ИЮНЬ, 1800. РИЧМОНД
Джеймс Томсон Кэллендер был арестован 27 мая, в Питерсберге, штат Виргиния, куда он ездил, чтобы обсудить с издателем условия публикации второго тома трактата «Наши перспективы». Ему объявили, что арест произведён по решению большого жюри в Ричмонде, которому были представлены 20 отрывков из первого тома этой книги, опубликованного в феврале, и которое нашло эти отрывки содержащими преступление, описанное в законе о подрывной деятельности: нападки и клевету на правительство Соединённых Штатов Америки и лично президента, нацеленные на очернение их в глазах народа, на подрыв их авторитета, на возбуждение бунта против законных властей.
В борьбе с враждебной пропагандой федералисты использовали любые приёмы. Под угрозой судебного преследования книготорговцам было запрещено продавать книгу «Наши перспективы». Почтмейстеры во всех штатах назначались президентом, поэтому им не возбранялось «терять» рассылаемые газеты и журналы республиканцев.
Кэллендера привезли в Ричмонд и поставили перед судьёй Сэмюэлом Чейзом, который только что приехал в Виргинию с ясным намерением нагнать страху на местную республиканскую прессу. Месяц назад в Филадельфии он приговорил журналиста Томаса Купера к шести месяцам тюрьмы и штрафу в 400 долларов. Надеяться на то, что он обойдётся более милосердно с человеком, крови которого жаждали все федералисты в стране, было бы просто смешно. В просьбе адвокатов перенести процесс на осень, чтобы дать им возможность пригласить необходимых свидетелей, он отказал. Тем не менее разрешил отложить суд на три дня и даже позволил на это время выпустить обвиняемого из-под стражи под залог в 400 долларов.

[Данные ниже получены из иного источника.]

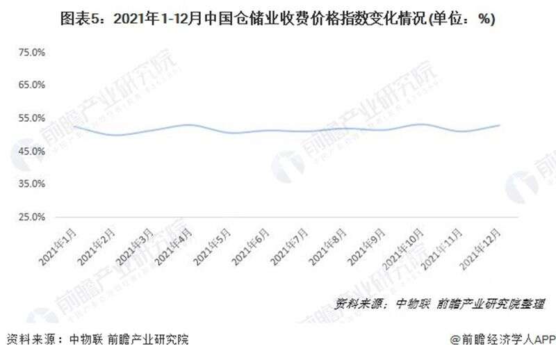 根據中國物流與采購聯合數據,2021年1-12月,中國倉儲業務量指數均值為53.1%,同比增長0.7%,整體位于枯榮線(50%)以上,反映出倉儲行業需求在企業生產活動加快和消費品需求保持回升的背景下,仍保持較為穩定的態勢。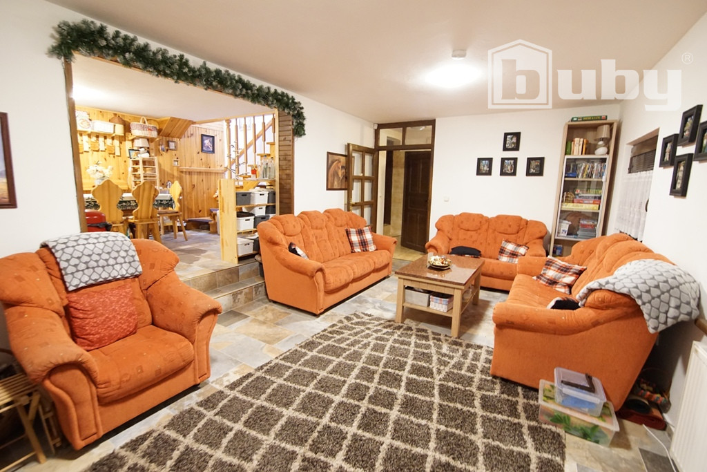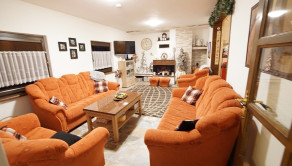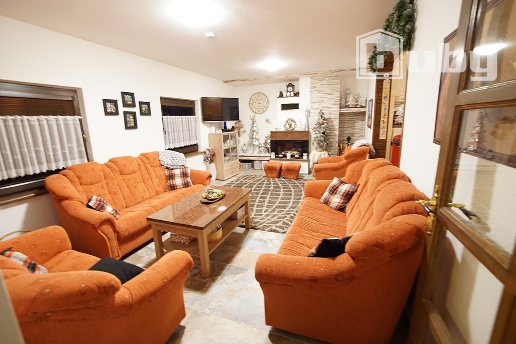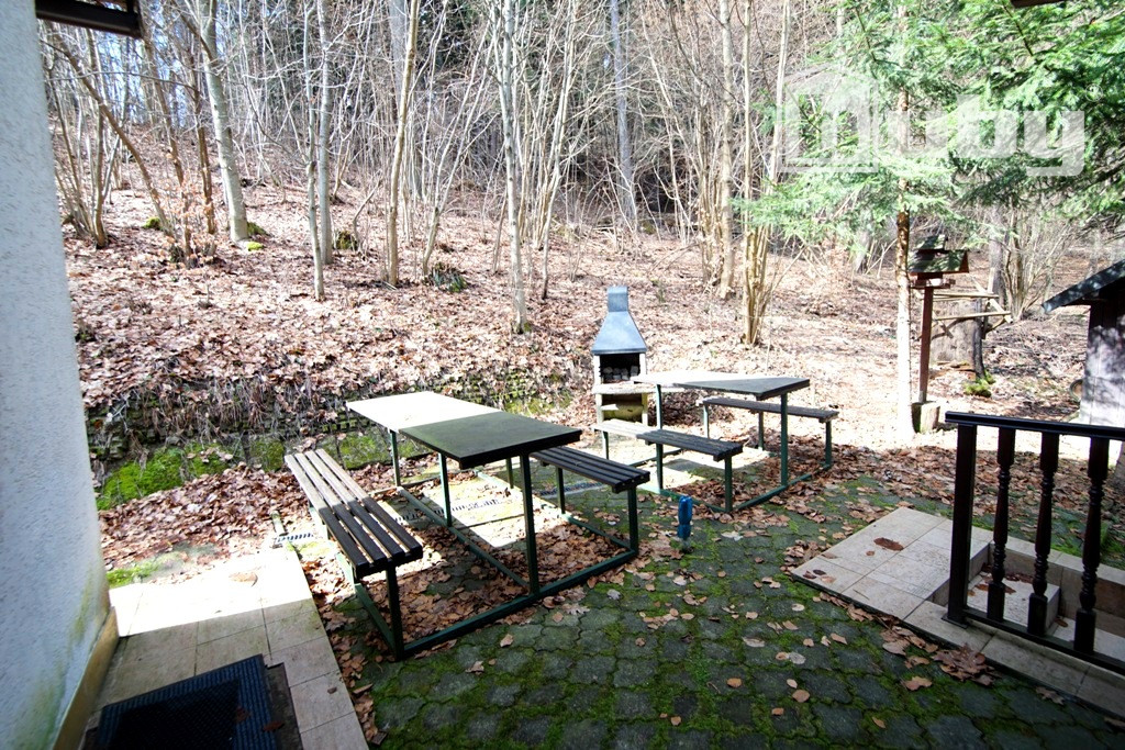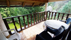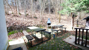 - Priestranná terasa s krbom, s nádherným výhľadom na okolitú krajinu.

Всё воскресенье 1 июня Джеймс Кэллендер провёл в своей маленькой квартирке в тяжёлых раздумьях. Выбор перед ним был простой: или бежать, или отправиться в тюрьму и обрести статус мученика, жертвы политического преследования.
Спасаться бегством от безжалостных врагов ему доводилось уже не раз. Живя в Шотландии, он публиковал анонимно сатирические заметки, подражая резкому сарказму боготворимого им Джонатана Свифта, а когда выпустил книгу «Политический прогресс в Британии», тучи над ним сгустились так, что он счёл за лучшее уплыть в Америку, оставив на родине жену и трёх сыновей. Однако и в Америке его искусство наживать себе врагов быстро начало приносить плоды. За шесть лет сотрудничества в республиканских газетах он навлёк на себя такую ненависть, что два года назад вынужден был покинуть Филадельфию, пешком покрыл расстояние в 200 миль и нашёл приют у богатого виргинского плантатора.

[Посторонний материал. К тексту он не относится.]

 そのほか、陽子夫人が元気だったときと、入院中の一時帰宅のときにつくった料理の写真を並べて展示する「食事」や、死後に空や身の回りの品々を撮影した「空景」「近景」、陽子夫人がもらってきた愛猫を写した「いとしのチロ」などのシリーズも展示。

В Ричмонде он стал печататься в газете «Экзаминер», яростно нападать на президента Адамса, так что местные молодые федералисты сговорились подкараулить его и избить. Опять бегство под покровом ночи, опять поиски приюта, опять привычный страх низкорослого человека, с детства привыкшего бояться больших и сильных мужчин. Но если даже в Виргинии богатые и влиятельные республиканцы (губернатор Монро среди них!) не могли защитить его, где было искать укрытия? Остался ли в этой огромной стране хоть один уголок, где гонимый защитник правды мог найти убежище?
А что, если махнуть рукой на судью Чейза, на залог, на трёх адвокатов, взявшихся защищать его бесплатно, сесть на лошадь и поехать на запад, в дом единственного человека, который вот уже три года неизменно выражал одобрение его мыслям и писаниям, посылал деньги, подбадривал, обещал всяческую поддержку? Если он появится на пороге дома Томаса Джефферсона в Монтичелло, неужели хозяин закроет перед ним дверь? А если впустит, неужели шериф посмеет вытащить его силой из дома вице-президента?

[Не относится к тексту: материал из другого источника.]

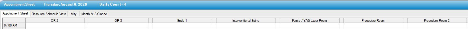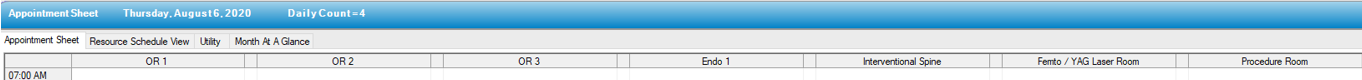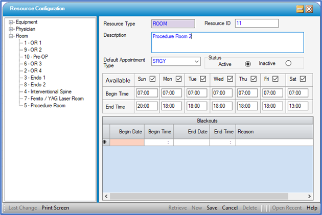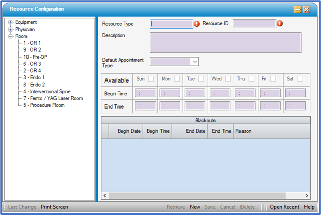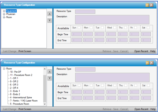 Note: Double clicking on any particular room, physician, or equipment, will open Resource Configuration.
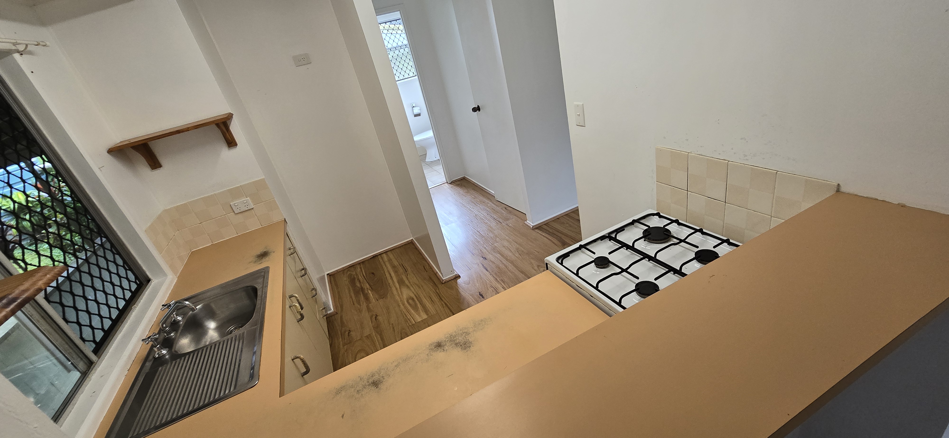 Two bedroom Granny Flat, Timber look vinyl & Carpet throughout, A/c to Main Bedroom, Gas cooktop, Security Screens, Window furnishings & small deck off the shed.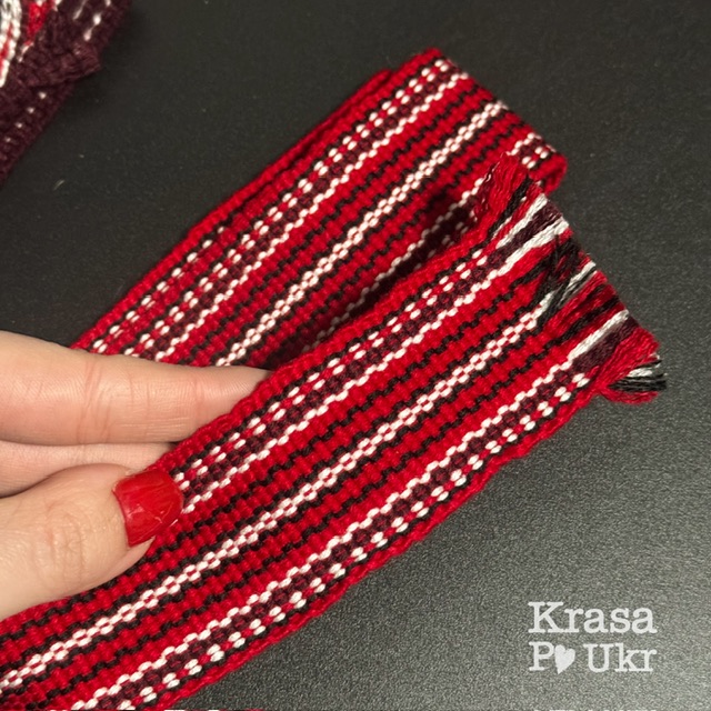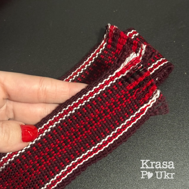 Ткана крайка в українському стилі — це автентичний етно елемент, який поєднує традицію, символіку та практичність. У наборі представлено три різні види крайки, виконані в червоно-бордовій палітрі з контрастними вкрапленнями чорного та білого кольорів.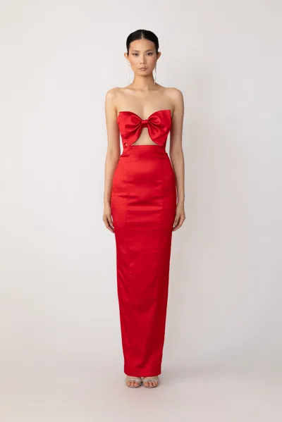 Strapless satin pencil gown with a fully-boned bodice featuring a large bow detail and cutout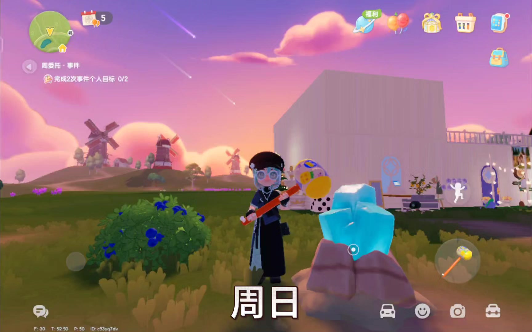 找不到的宝看过来 18~24点流星雨 注意只能敲1次(3下)哦 朵朵在花田巴士站 注意:流星雨是常驻天气 陨石颜色随季节更换 #心动小镇 #心动小镇攻略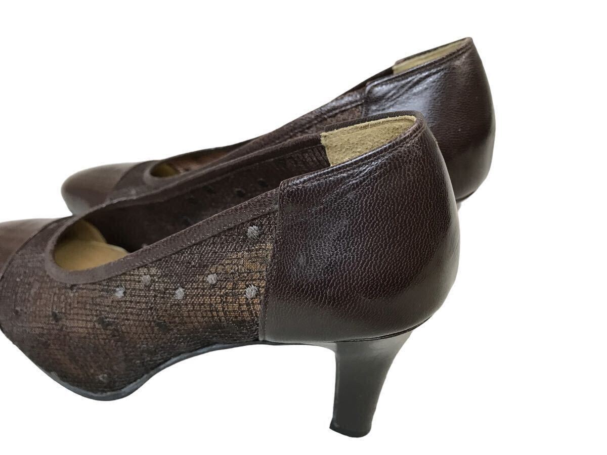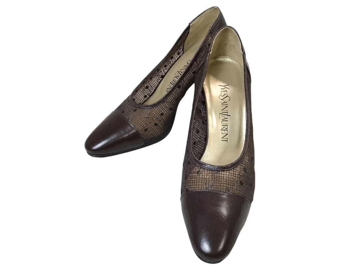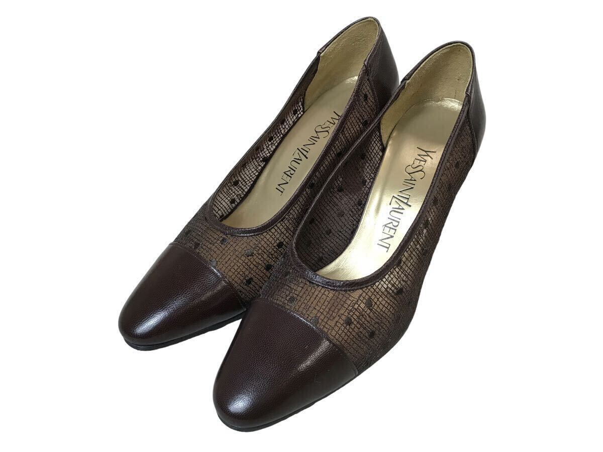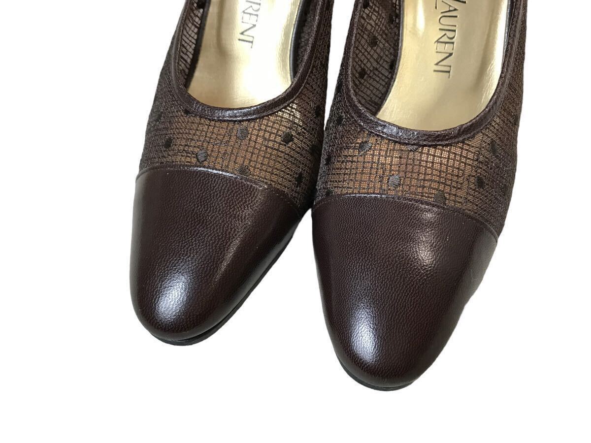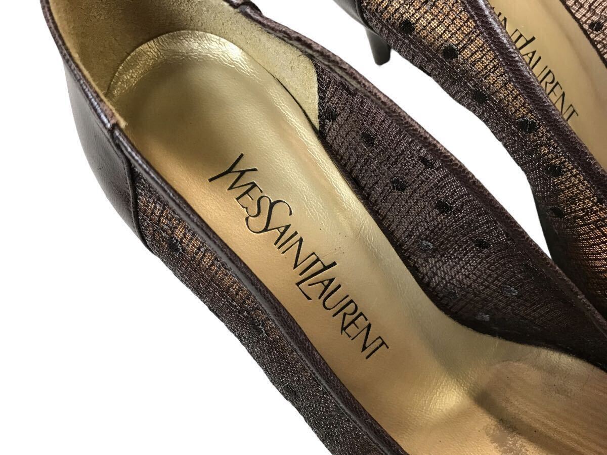 (D) yves saint laurent イヴサンローラン シースルー ドット パンプス 35 ブラウン (ma)

Год назад он делился своими мечтами в письме Джефферсону: оставить поля злобных газетных баталий, уплыть вверх по реке Джеймс, купить 50 акров земли, найти сердечную виргинскую женщину, которая умела бы откармливать свиней, варить мамалыгу, заботиться о его сыновьях, мать которых умерла два года назад, а главное, помалкивать. Если понадобится, он готов был бы овладеть профессией плотника или другим каким-нибудь ремеслом — лишь бы вырваться из океана людской злобы и жестокости. Джефферсон ответил ему сочувственным письмом, но призвал пока оставаться в рядах тех, кто отдаёт свой талант и перо на защиту священного дела свободы.
О, Кэллендер помнил их первую встречу летом 1797 года! Сам вице-президент Соединённых Штатов явился в редакцию газеты «Аврора», чтобы встретиться с автором книги «История Америки за 1796 год». Высокий, нарядный, прославленный, богатый, приветливый. Он сказал, что читал и книгу о Британии и вполне согласен с эгалитарными идеями, изложенными в ней. Он сказал, что засилье федералистов в правительстве и конгрессе может быть чревато печальными последствиями для страны и что смелость честных журналистов должна сыграть очень важную роль в противостоянии им. Он не назвал Гамильтона по имени, но дал понять, что одобряет скандальные разоблачения этого лидера федералистов, сделанные в пятой и шестой главах книги «1796».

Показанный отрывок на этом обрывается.